_Problem statement_
Starting at the line that contains "随着主裁判一声哨响,两支球队" and stopping at the line that contains "Wall Mounted Wine", transcribe every line of the material below exactly; pictures stay out.

_Dataset records_
##########
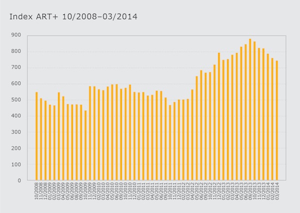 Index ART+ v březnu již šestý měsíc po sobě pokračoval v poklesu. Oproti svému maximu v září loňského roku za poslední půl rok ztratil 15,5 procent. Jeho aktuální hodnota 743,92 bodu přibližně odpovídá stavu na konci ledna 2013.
##########
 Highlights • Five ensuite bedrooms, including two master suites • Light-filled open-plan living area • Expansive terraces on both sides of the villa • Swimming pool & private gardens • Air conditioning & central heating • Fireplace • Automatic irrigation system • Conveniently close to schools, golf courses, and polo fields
##########
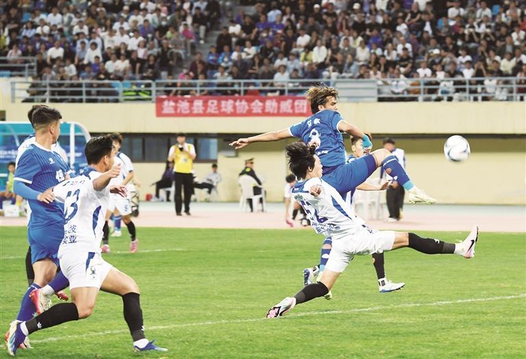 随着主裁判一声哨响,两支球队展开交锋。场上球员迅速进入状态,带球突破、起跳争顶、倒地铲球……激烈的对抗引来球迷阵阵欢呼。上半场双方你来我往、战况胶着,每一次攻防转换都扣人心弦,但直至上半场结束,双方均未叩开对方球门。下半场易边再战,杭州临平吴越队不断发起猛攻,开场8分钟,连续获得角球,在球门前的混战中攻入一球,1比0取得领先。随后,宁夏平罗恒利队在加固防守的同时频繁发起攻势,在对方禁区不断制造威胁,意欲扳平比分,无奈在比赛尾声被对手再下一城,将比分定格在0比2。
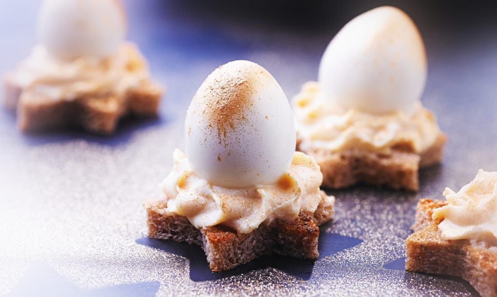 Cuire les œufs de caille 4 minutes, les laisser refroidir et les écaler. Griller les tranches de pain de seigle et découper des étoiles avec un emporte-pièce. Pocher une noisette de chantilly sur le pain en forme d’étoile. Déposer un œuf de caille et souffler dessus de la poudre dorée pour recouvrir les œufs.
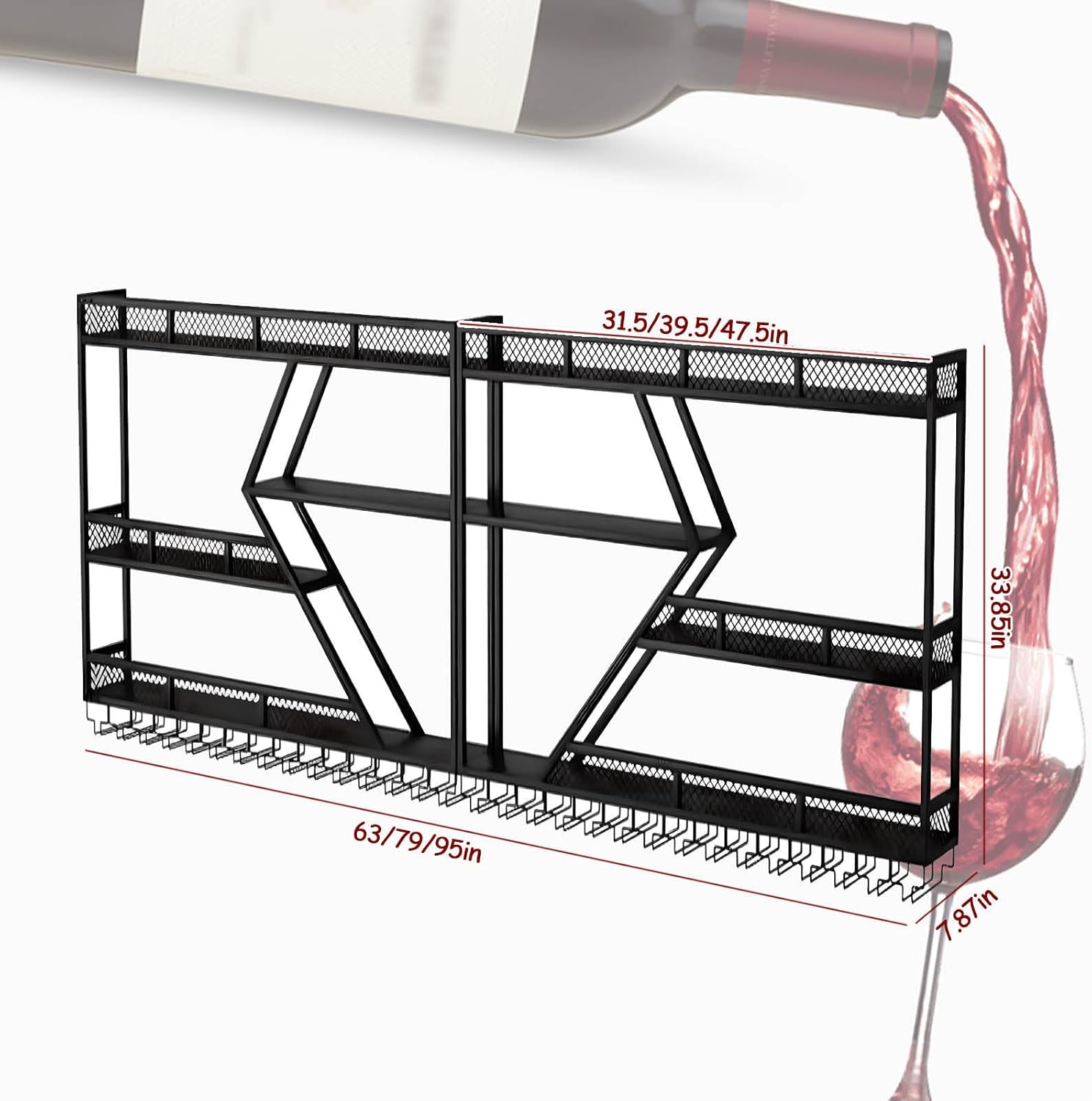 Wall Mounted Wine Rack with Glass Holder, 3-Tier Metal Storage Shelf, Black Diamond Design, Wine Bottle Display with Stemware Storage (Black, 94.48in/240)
##########
_Solution to this exercise_
 随着主裁判一声哨响,两支球队展开交锋。场上球员迅速进入状态,带球突破、起跳争顶、倒地铲球……激烈的对抗引来球迷阵阵欢呼。上半场双方你来我往、战况胶着,每一次攻防转换都扣人心弦,但直至上半场结束,双方均未叩开对方球门。下半场易边再战,杭州临平吴越队不断发起猛攻,开场8分钟,连续获得角球,在球门前的混战中攻入一球,1比0取得领先。随后,宁夏平罗恒利队在加固防守的同时频繁发起攻势,在对方禁区不断制造威胁,意欲扳平比分,无奈在比赛尾声被对手再下一城,将比分定格在0比2。
 Cuire les œufs de caille 4 minutes, les laisser refroidir et les écaler. Griller les tranches de pain de seigle et découper des étoiles avec un emporte-pièce. Pocher une noisette de chantilly sur le pain en forme d’étoile. Déposer un œuf de caille et souffler dessus de la poudre dorée pour recouvrir les œufs.
 Wall Mounted Wine Rack with Glass Holder, 3-Tier Metal Storage Shelf, Black Diamond Design, Wine Bottle Display with Stemware Storage (Black, 94.48in/240)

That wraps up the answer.